* Try it *
Using the records below, repeat exactly the lines from the one holding "الأحرف السبعة، رد" through the one holding "使う前はバスコンプレッサーで", both ends included, and no others.

* Records to process *
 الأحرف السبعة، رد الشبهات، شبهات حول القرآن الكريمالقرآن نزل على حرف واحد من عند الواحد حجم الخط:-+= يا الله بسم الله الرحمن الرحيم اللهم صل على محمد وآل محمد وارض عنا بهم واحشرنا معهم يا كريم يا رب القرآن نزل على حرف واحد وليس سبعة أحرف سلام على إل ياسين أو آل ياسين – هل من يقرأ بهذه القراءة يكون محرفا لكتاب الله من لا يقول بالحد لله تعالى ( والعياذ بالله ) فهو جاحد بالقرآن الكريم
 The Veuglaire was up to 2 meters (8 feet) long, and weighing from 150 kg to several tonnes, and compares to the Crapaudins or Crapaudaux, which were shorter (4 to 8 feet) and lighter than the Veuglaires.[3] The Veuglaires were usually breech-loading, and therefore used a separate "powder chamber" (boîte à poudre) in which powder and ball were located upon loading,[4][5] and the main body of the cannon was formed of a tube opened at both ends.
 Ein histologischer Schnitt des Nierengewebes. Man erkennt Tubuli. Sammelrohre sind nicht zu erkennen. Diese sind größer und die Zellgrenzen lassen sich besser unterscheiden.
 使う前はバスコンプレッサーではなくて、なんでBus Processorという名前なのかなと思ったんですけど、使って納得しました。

--

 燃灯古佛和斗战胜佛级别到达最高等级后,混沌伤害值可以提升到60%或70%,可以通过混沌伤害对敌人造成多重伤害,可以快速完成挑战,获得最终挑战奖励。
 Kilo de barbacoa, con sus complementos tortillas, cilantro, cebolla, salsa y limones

* Solution to the exercise *
 الأحرف السبعة، رد الشبهات، شبهات حول القرآن الكريمالقرآن نزل على حرف واحد من عند الواحد حجم الخط:-+= يا الله بسم الله الرحمن الرحيم اللهم صل على محمد وآل محمد وارض عنا بهم واحشرنا معهم يا كريم يا رب القرآن نزل على حرف واحد وليس سبعة أحرف سلام على إل ياسين أو آل ياسين – هل من يقرأ بهذه القراءة يكون محرفا لكتاب الله من لا يقول بالحد لله تعالى ( والعياذ بالله ) فهو جاحد بالقرآن الكريم
 The Veuglaire was up to 2 meters (8 feet) long, and weighing from 150 kg to several tonnes, and compares to the Crapaudins or Crapaudaux, which were shorter (4 to 8 feet) and lighter than the Veuglaires.[3] The Veuglaires were usually breech-loading, and therefore used a separate "powder chamber" (boîte à poudre) in which powder and ball were located upon loading,[4][5] and the main body of the cannon was formed of a tube opened at both ends.
 Ein histologischer Schnitt des Nierengewebes. Man erkennt Tubuli. Sammelrohre sind nicht zu erkennen. Diese sind größer und die Zellgrenzen lassen sich besser unterscheiden.
 使う前はバスコンプレッサーではなくて、なんでBus Processorという名前なのかなと思ったんですけど、使って納得しました。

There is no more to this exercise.